# ABOUT THIS EXERCISE
Skip the pictures. Output only the lines below starting at the line with "Moxalole til voksne" and ending at the line with "1. レーズン、カレンツ、そ", both ends included, exactly as they are.

# PROVIDED DATA

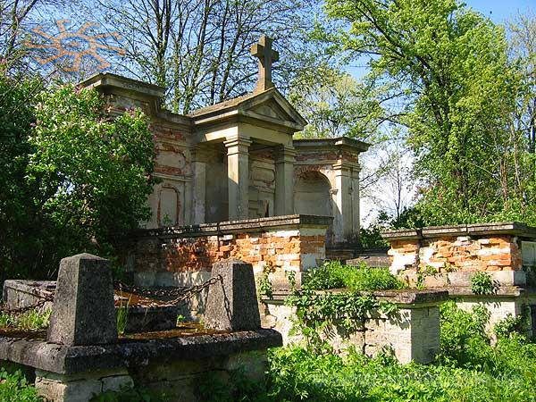 Архітектурний стиль мавзолею належить до класицизму. Споруда має досить значні розміри, що робить її легко помітною серед інших поховань. Конструкція складається з центральної частини та двох бічних крил, прикрашених арками, в глибині яких розташовані пам’ятники. Вхід оздоблений портиком з колонами, а верхівку увінчує великий кам’яний хрест. Від замурованого входу по обидва боки меморіальної дошки спускаються кам’яні сходи, що додає величності загальному вигляду споруди.
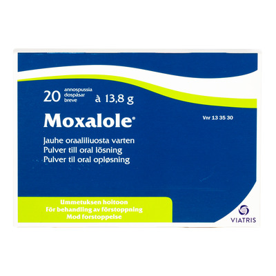 Moxalole til voksne opløses i et halvt glas vand (1,5 dl) og drikkes umiddelbart efter. Det er pakket i enkeltdoseringsbreve, og et brev er en dosis. Den afføringen virkning ses sædvanligvis efter 12-24 timer.
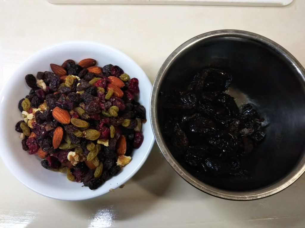 1. レーズン、カレンツ、その他ドライフルーツはプラムと合わせて500g計る。プラムや大き目のフルーツはレーズンと同じくらいの大きさに切る
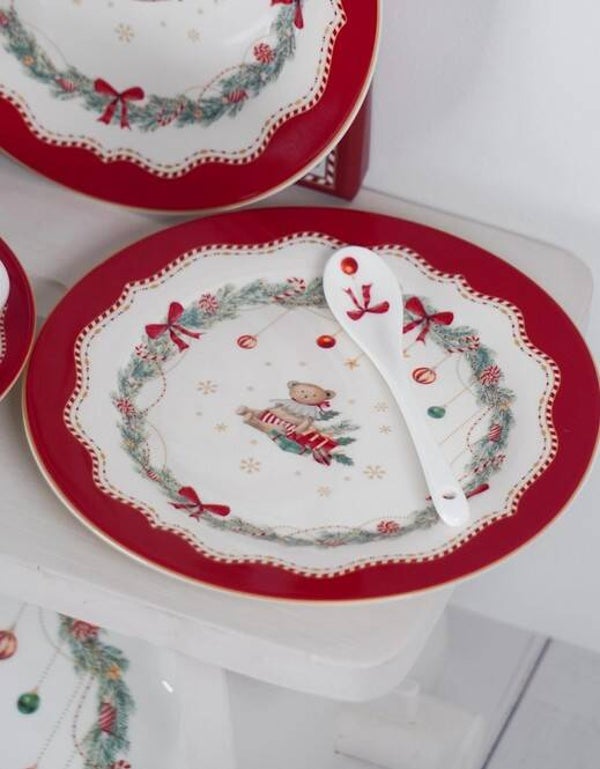 Apportez une touche de magie à votre table de fête avec cette superbe assiette à dessert. Son design délicatement rétro met en scène un adorable ourson entouré d’une couronne de houx, de rubans rouges et de décorations festives, le tout bordé d’un élégant liseré rouge et doré.

# COMPLETED TASK
 Moxalole til voksne opløses i et halvt glas vand (1,5 dl) og drikkes umiddelbart efter. Det er pakket i enkeltdoseringsbreve, og et brev er en dosis. Den afføringen virkning ses sædvanligvis efter 12-24 timer.
 1. レーズン、カレンツ、その他ドライフルーツはプラムと合わせて500g計る。プラムや大き目のフルーツはレーズンと同じくらいの大きさに切る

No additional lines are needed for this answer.